767.35(1)(b)1.1. In connection with a judgment of divorce or legal separation, the court finds that the marriage is irretrievably broken under s. 767.315 (1) (a) or (b) 1. or 2., unless subd. 2. applies.
767.35(1)(b)2.2. In connection with a judgment of legal separation, the court finds that the marital relationship is broken under s. 767.315 (2).
767.35(1)(c)(c) To the extent that it has jurisdiction to do so, the court has considered and approved or made provision for legal custody and physical placement, the support of any child of the marriage entitled to support, the maintenance of either spouse, and the disposition of property.

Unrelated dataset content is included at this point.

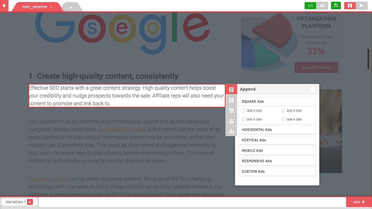 - You are able to change the arrangement of your advertisement with a few mouse clicks. Your new ad units can be placed wherever you like, and their AI technology uses automated A/B testing to boost revenue.
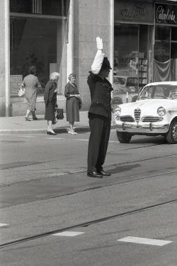 Vigile dirige traffico in corso Italia

767.35(2)(2)Granting divorce or legal separation. When a party requests a legal separation rather than a divorce, the court shall grant a judgment of legal separation unless the other party requests a divorce, in which case the court shall hear and determine which judgment shall be granted.
767.35(3)(3)When divorce judgment effective. A judgment of divorce is effective when granted. A court granting a judgment of divorce shall inform the parties appearing in court that the judgment is effective when granted but that it is unlawful under s. 765.03 (2) for a party to marry again until 6 months after the judgment is granted. This section does not prevent application of enforceable orders prior to the divorce judgment as set forth in s. 767.333.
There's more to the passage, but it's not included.